Are you tying a loop knot to the lure? Makes all the difference in the action.


----------



## dabutcher (Apr 19, 2008)

#2 EWG Gamakatsu. They look big but you will greatly increase your hookups. They will not hinder the action of the lure. They are also very strong and extremely sharp.

I don't tie a loop knot for the super spook jr. The work well without it and too much side to side action makes it a little tougher for a redfish to get the bait in its mouth.


----------



## captken (Feb 24, 2008)

*I remove the rear trebel entirely*

In place of the hook I tie a #2 through 1/0 Clouser Minnow or very light jigmon about 12" of 50# mono.
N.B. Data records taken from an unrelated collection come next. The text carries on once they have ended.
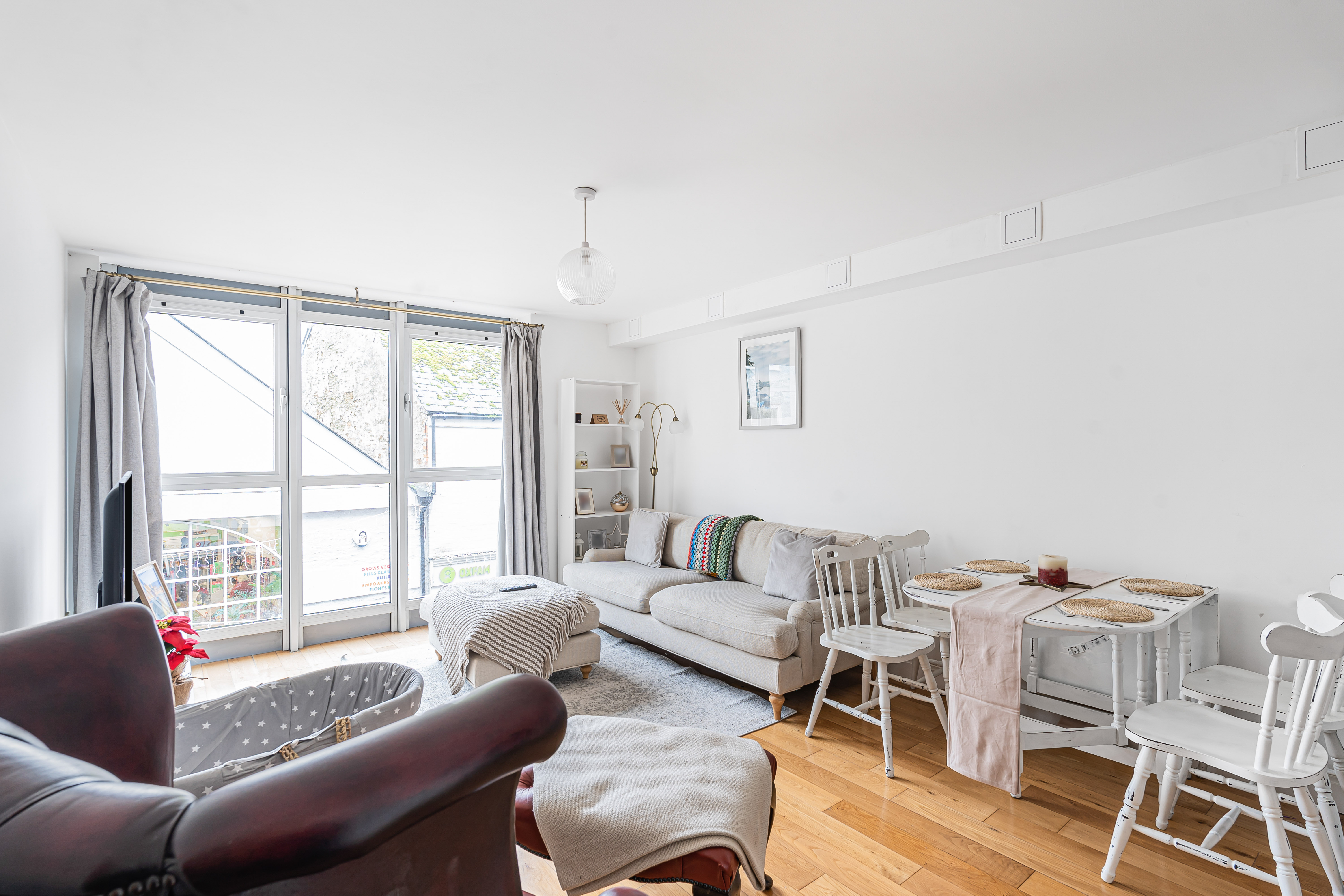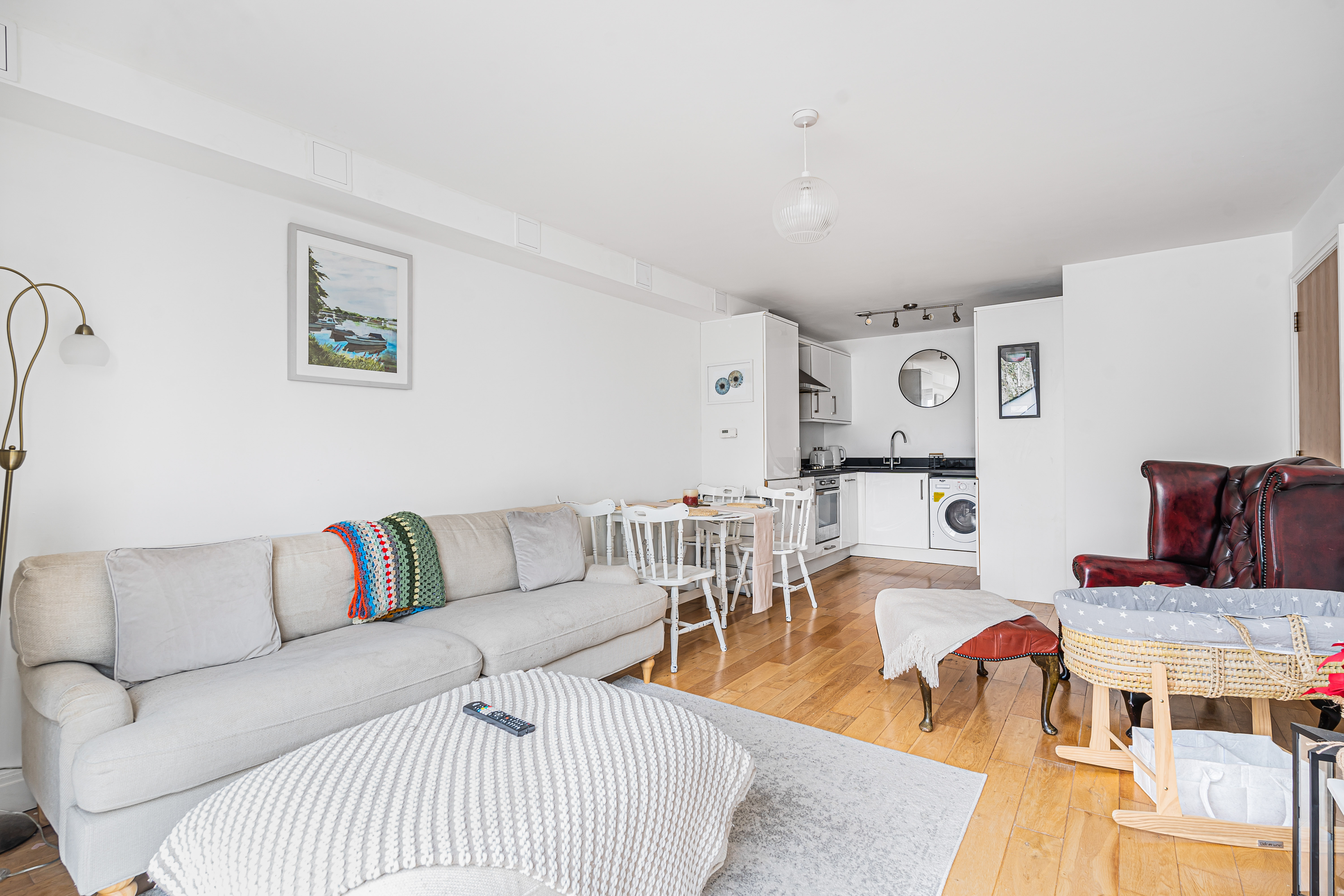 You have a lovely open plan living space, with full length window to the front, wooden floors. With space for dining table and lounge furniture.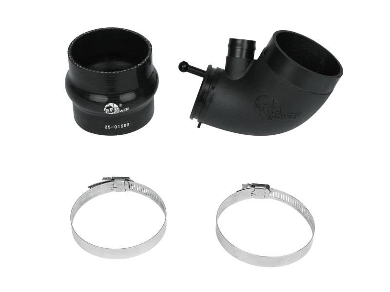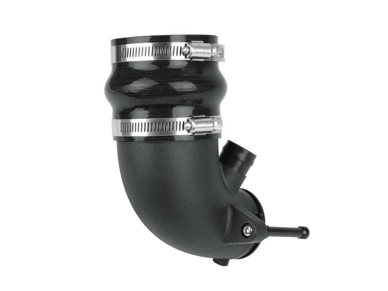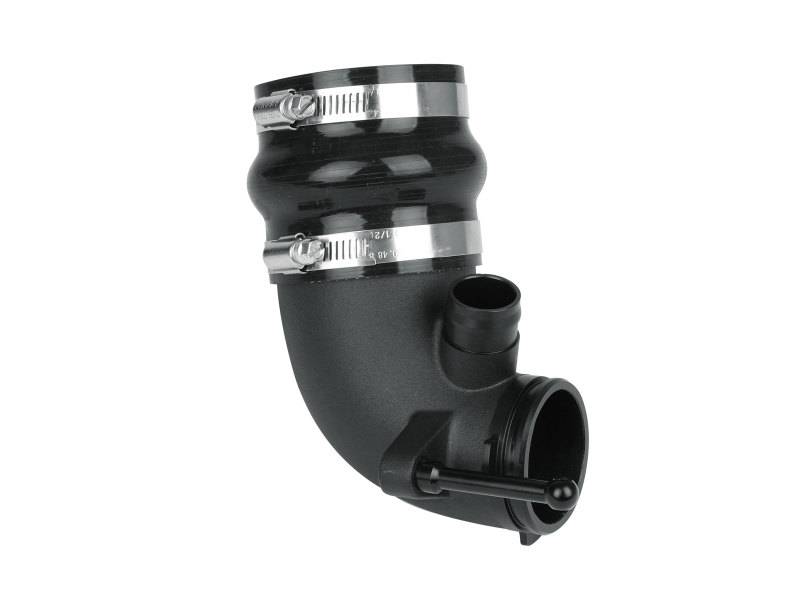 This turbo inlet is the perfect addition to your aFe air intake system. It removes restriction of the factory turbo inlet and guarantees increased air flow for maximum power. It provides a smooth transition for the air from the aFe air intake tube to the turbo with minimum restriction. The cast aluminum design has CNC machined ends for a perfect fit and finish. The part is anodized black for durability and a stealthy appearance. This turbo inlet utilizes a flexible silicone coupling that is reinforced with two layers of polyester material, making it resistant to wear and deterioration. The silicone coupling mates directly to the aluminum turbo adapter and the aFe air intake tube. All necessary clamps are provided. This turbo inlet utilizes the factory O-Ring and screw and comes with the necessary clamps and coupler to fit perfectly with your aFe air intake system.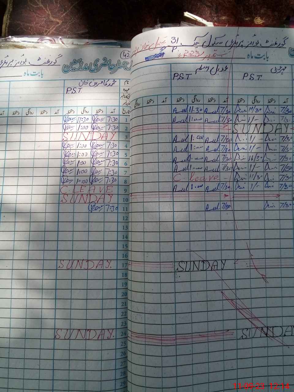 | CNIC | Full Name | Designation | R/C | Absence During Last Calender Month |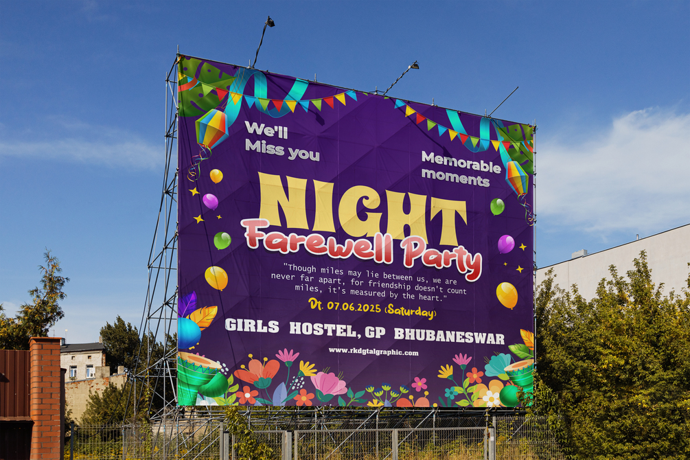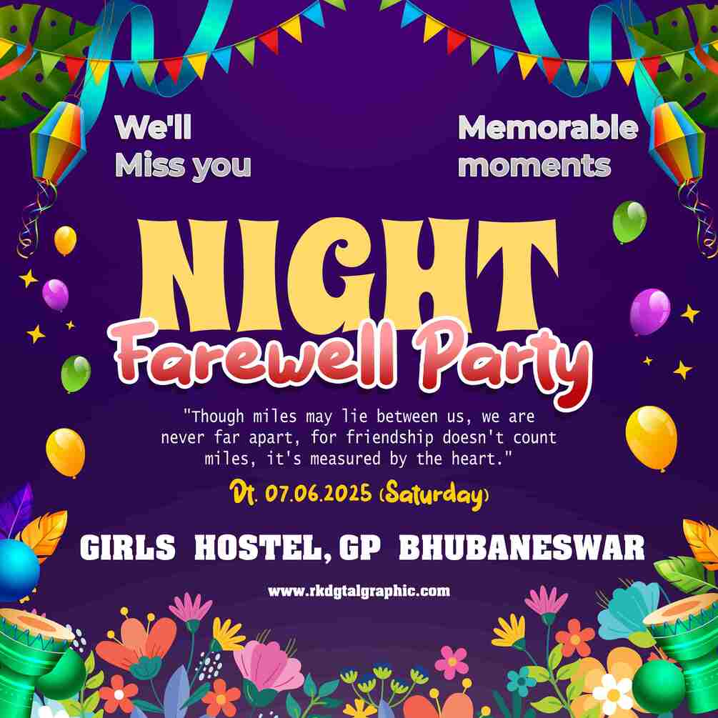 Make your farewell event unforgettable with this professionally designed PSD banner template. Perfect for schools, colleges, universities, hostels, and even workplace farewell parties, this 4x4 size editable design is easy to customize and print.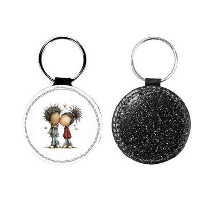 Δερμάτινο Μπρελόκ στρογγυλό Αγίου Βαλεντίνου Ζευγάρια Glitter Μαύρο

I catch most of the fish on the Clouser.


----------



## Desert Eagle (Apr 25, 2012)

I always use a loop knot on ALL topwater "walk the dog" lures. On the larger lures, e.g., Super Spook or Chuggin Spooks, the lure size will not matter that much with lure action. But the smaller lures, e.g., H2O Express w/ only 2 hooks, the hook size will greatly affect the action. On all my my lures, I normally replace all trebels w/ 3 or 4 times stronger hooks. Too many times I've had my stock hooks straightened out on me. You can't tie line directly to most Badonkadonk topwater lures - the nose ring is too sharp snd will cut into the line, even loop knots when a bull is pulling on it. That's why the come with a heavy ring attached to the nose ring. 

I ABSOLUTELY CRAVE TOPWATER FISHING. YOU CAN WITNESS THE INITIAL HIT AS WELL AS THE SUCKING NOISE THE BULL, GATOR, BLUE, STRIPER, MAKES ON THAT INITIAL STRIKE!!! I fish topwater a lot.

Chuggin Spook. Same size as a Super Spook but only comes w/ 2 trebles. The nose end of the lure is greatly concaved and while "walkin' da dog," it throws tons of water everywhere and makes enough noise to wake most marine monsters!!!!

Just my opinions - from experience...


----------



## foreverfishing (Nov 30, 2012)

sometimes I tie a loop sometimes I don't. just depends on if im thinking about it. thanks for the info.


----------